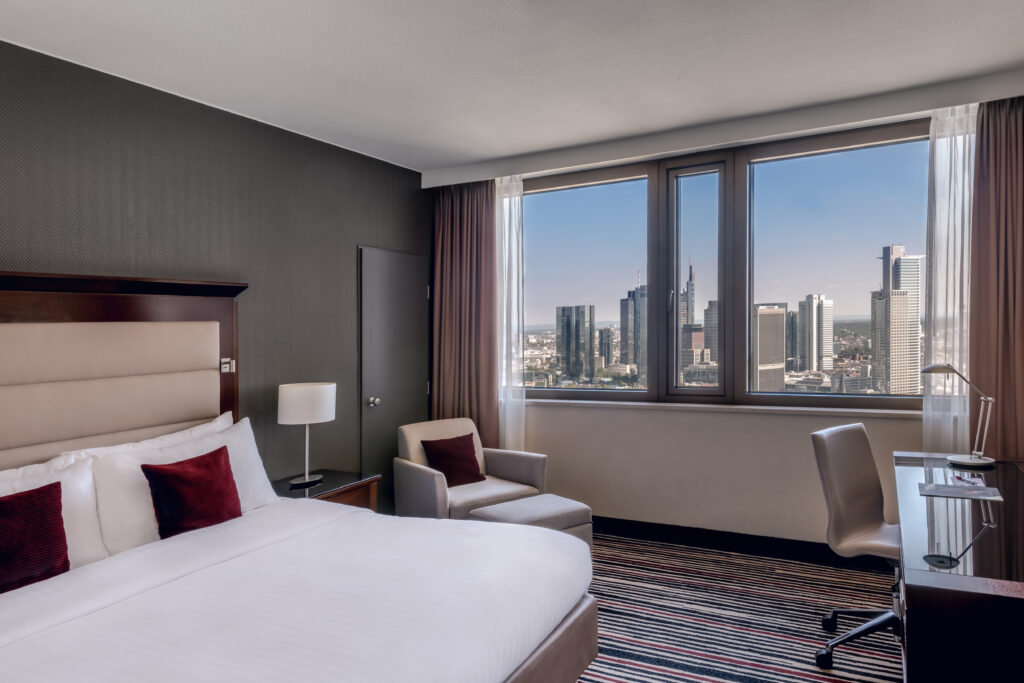 Das Frankfurt Marriott Hotel zählt zu den gehobenen Business Hotels in Frankfurt. Direkt gegenüber dem Messe- und Kongresszentrum gelegen, verfügt es über 25 moderne Konferenzräume, den größten Tageslicht-Ballsaal der Stadt mit 774 m² und eine hauseigene Veranstaltungstechnik. Die 593 Zimmer befinden sich auf den Etagen 26–44 und bieten ein modernes Design.
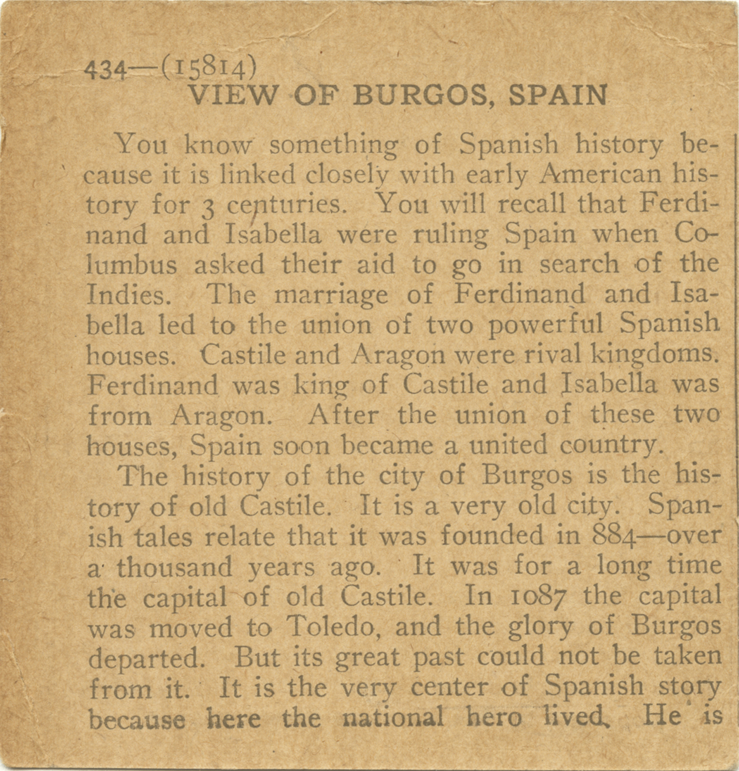 You know something of Spanish history because it is linked closely with early American history for 3 centuries. You will recall that Ferdinand and Isabella were ruling Spain when Columbus asked their aid to go in search of the Indies. The marriage of Ferdinand, and Isabella led to the union of two powerful Spanish houses. Castile and Aragon were rival kingdoms. Ferdinand was king of Castile and Isabella was from Aragon. After the union of these two houses, Spain soon became a united country. The history of the city of Burgos is the history of old Castile. It is a very old city, Spanish tales relate that it was founded in 884 - over a thousand years ago. It was for a long time the capital of old Castile. In 1087 the capital was moved to Toledo, and the glory of Burgos departed. But its great past could not be taken from it. It is the very center of Spanish story because here the national hero lived. He is
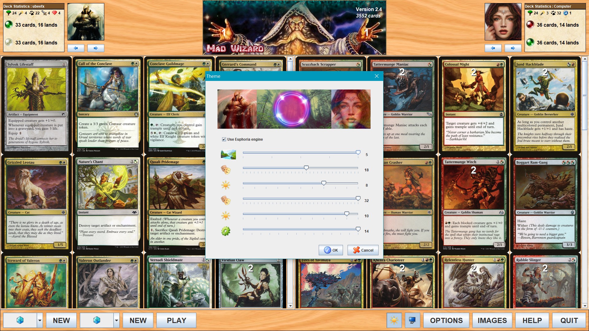 I added support for random built-in constructed decks using the card pool of Mad Wizard.
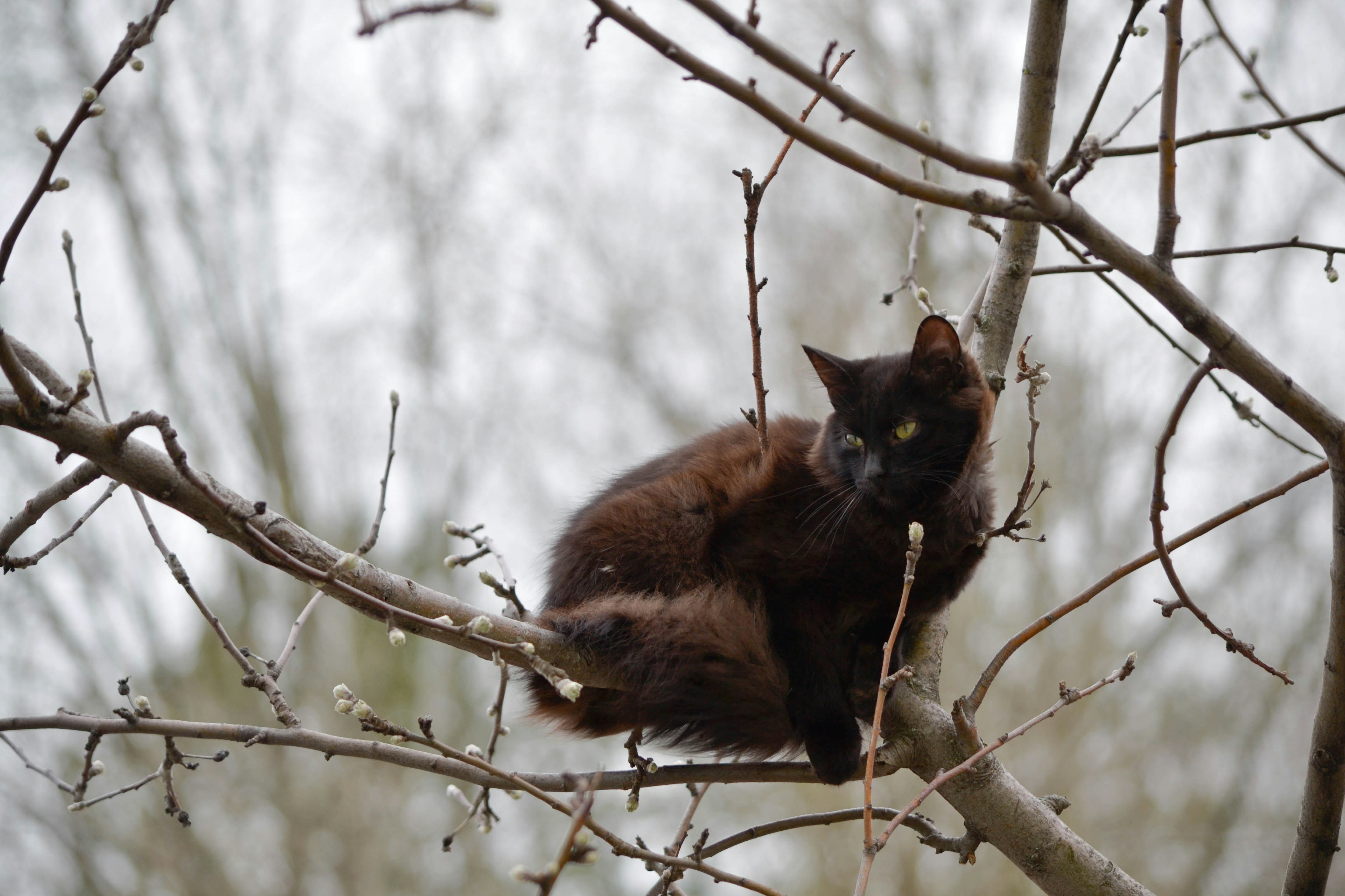 Grey Cat Lying On Tree Branch Photo Free Animal Image On Unsplash
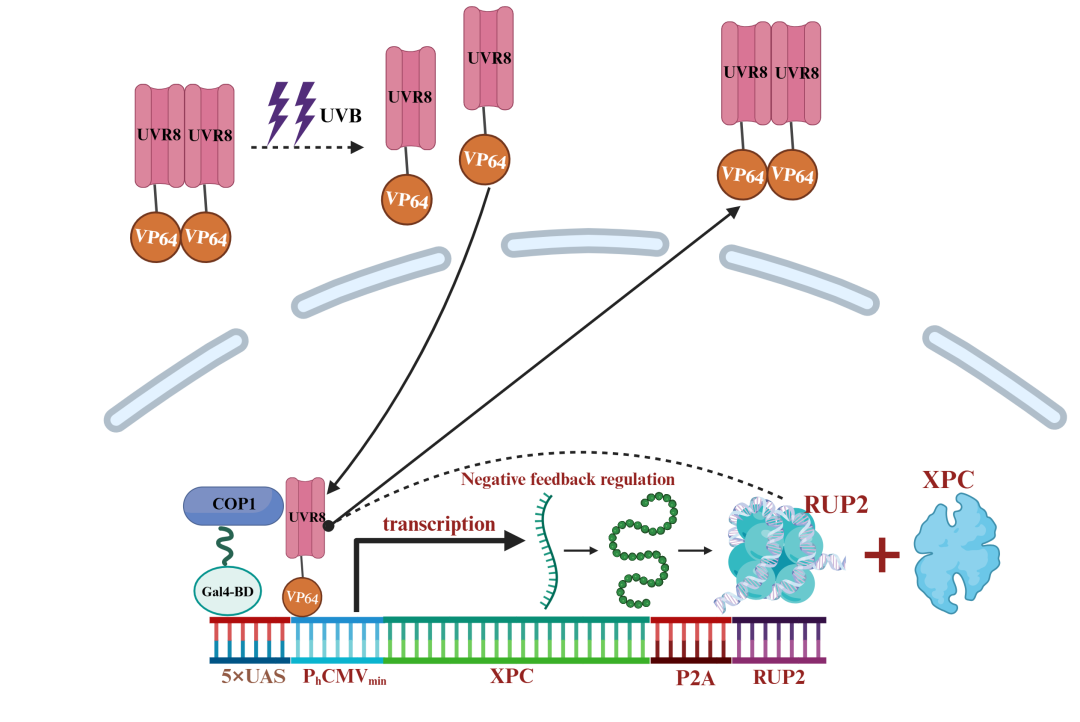This year, the SJTU-BioX-Shanghai team focused on health and disease treatment. Xeroderma pigmentosum (XP) is an autosomal recessive genetic disorder reported in nearly all racial groups across continents. Patients are highly sensitive to ultraviolet radiation B (UV-B), with sun-exposed areas prone to blisters, epidermal hyperplasia, and tumors. Two-thirds of patients die before age 20, and there is currently no cure for XP. The team members focused on the most common type, Xeroderma pigmentosum complementation group C (XPC), which is caused by mutations in the XPC gene leading to abnormal DNA repair proteins and inability to repair UV-B-induced DNA damage. Inspired by a UV-responsive system in plants, the team decided to design a novel UV-responsive gene switch to achieve controlled expression of the XPC gene in patients, converting pathogenic UV-B into therapeutic UV-B.

• • • • •

EXERCISE DIRECTIONS - Every line of the material above should be repeated exactly, except for the pictures.

SOLUTION TO THE PROBLEM -
 Das Frankfurt Marriott Hotel zählt zu den gehobenen Business Hotels in Frankfurt. Direkt gegenüber dem Messe- und Kongresszentrum gelegen, verfügt es über 25 moderne Konferenzräume, den größten Tageslicht-Ballsaal der Stadt mit 774 m² und eine hauseigene Veranstaltungstechnik. Die 593 Zimmer befinden sich auf den Etagen 26–44 und bieten ein modernes Design.
 You know something of Spanish history because it is linked closely with early American history for 3 centuries. You will recall that Ferdinand and Isabella were ruling Spain when Columbus asked their aid to go in search of the Indies. The marriage of Ferdinand, and Isabella led to the union of two powerful Spanish houses. Castile and Aragon were rival kingdoms. Ferdinand was king of Castile and Isabella was from Aragon. After the union of these two houses, Spain soon became a united country. The history of the city of Burgos is the history of old Castile. It is a very old city, Spanish tales relate that it was founded in 884 - over a thousand years ago. It was for a long time the capital of old Castile. In 1087 the capital was moved to Toledo, and the glory of Burgos departed. But its great past could not be taken from it. It is the very center of Spanish story because here the national hero lived. He is
 I added support for random built-in constructed decks using the card pool of Mad Wizard.
 Grey Cat Lying On Tree Branch Photo Free Animal Image On Unsplash
This year, the SJTU-BioX-Shanghai team focused on health and disease treatment. Xeroderma pigmentosum (XP) is an autosomal recessive genetic disorder reported in nearly all racial groups across continents. Patients are highly sensitive to ultraviolet radiation B (UV-B), with sun-exposed areas prone to blisters, epidermal hyperplasia, and tumors. Two-thirds of patients die before age 20, and there is currently no cure for XP. The team members focused on the most common type, Xeroderma pigmentosum complementation group C (XPC), which is caused by mutations in the XPC gene leading to abnormal DNA repair proteins and inability to repair UV-B-induced DNA damage. Inspired by a UV-responsive system in plants, the team decided to design a novel UV-responsive gene switch to achieve controlled expression of the XPC gene in patients, converting pathogenic UV-B into therapeutic UV-B.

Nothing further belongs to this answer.